M. Doubleday: À plusieurs reprises. On ne faisait pas d'étude à bord du navire de recherche à l'époque, mais à la lecture des registres, on a l'impression que la morue était tantôt absente, tantôt présente, puis de nouveau absente. Or, la morue du Groenland est liée à l'Islande... les larves s'y amoncellent poussées par le courant. Il s'agit donc de la progéniture de la morue provenant d'Islande. Lorsque les conditions sont favorables, un segment de reproduction extracôtier devient autosuffisant.

Le président: Mais je demandais s'il y avait des preuves scientifiques, des données quantifiables, montrant que quelque part dans le monde un stock ayant été réduit à 1 p. 100 avait survécu?

M. Doubleday: Dans le cas de certaines espèces pélagiques, celles qui vivent dans la tranche d'eau, c'est arrivé à plusieurs reprises.

Le président: Le hareng a-t-il baissé à ce point?

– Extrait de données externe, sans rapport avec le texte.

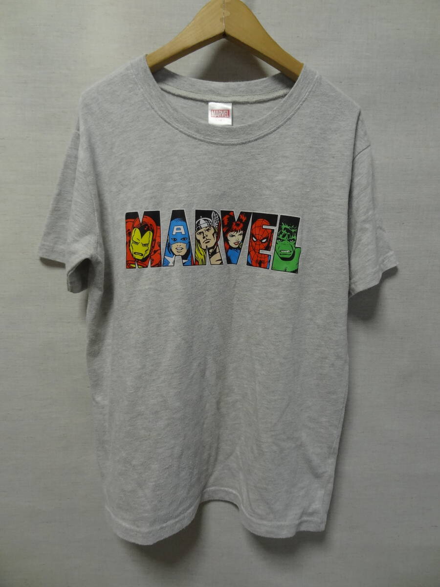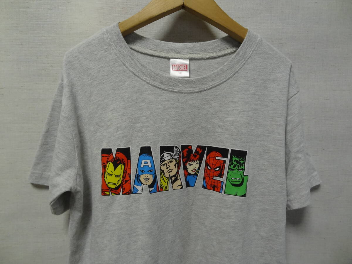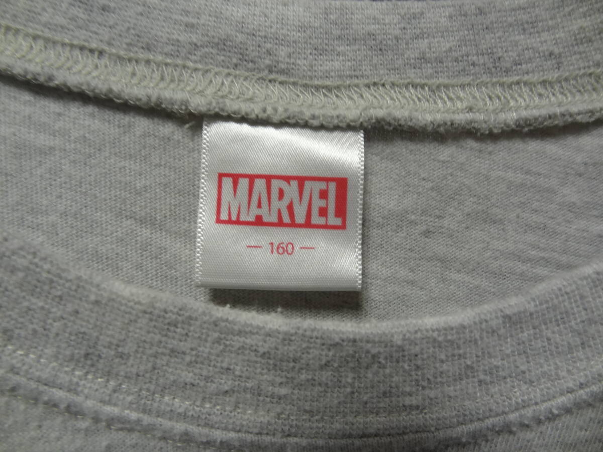 全国送料無料 マーベル MARVEL アベンジャーズ 子供服キッズ男の子 リンガー半袖 杢グレー色Tシャツ 160

M. Doubleday: La sardine de Californie et l'anchois du Nord alternent, quand l'un augmente de l'ordre de 100 p. 100 l'autre diminue, et vice versa. Dans le cas du pilchard japonais, on peut en pêcher des millions de tonnes certaines années et par la suite quelques milliers de tonnes seulement.

Le président: Jusqu'à environ 1 p. 100?

M. Doubleday: Oui, dans cet ordre.

Donc, ça arrive.

.1405

Le président: Je vous remercie beaucoup de votre présence ici aujourd'hui. Nous savons combien la science est de nos jours un domaine difficile et, si imprécises que soient ses conclusions, elle nous est précieuse quand il s'agit de traiter d'un domaine aussi complexe que la pêche. Merci.

Nous reviendrons à 15h30, chers amis.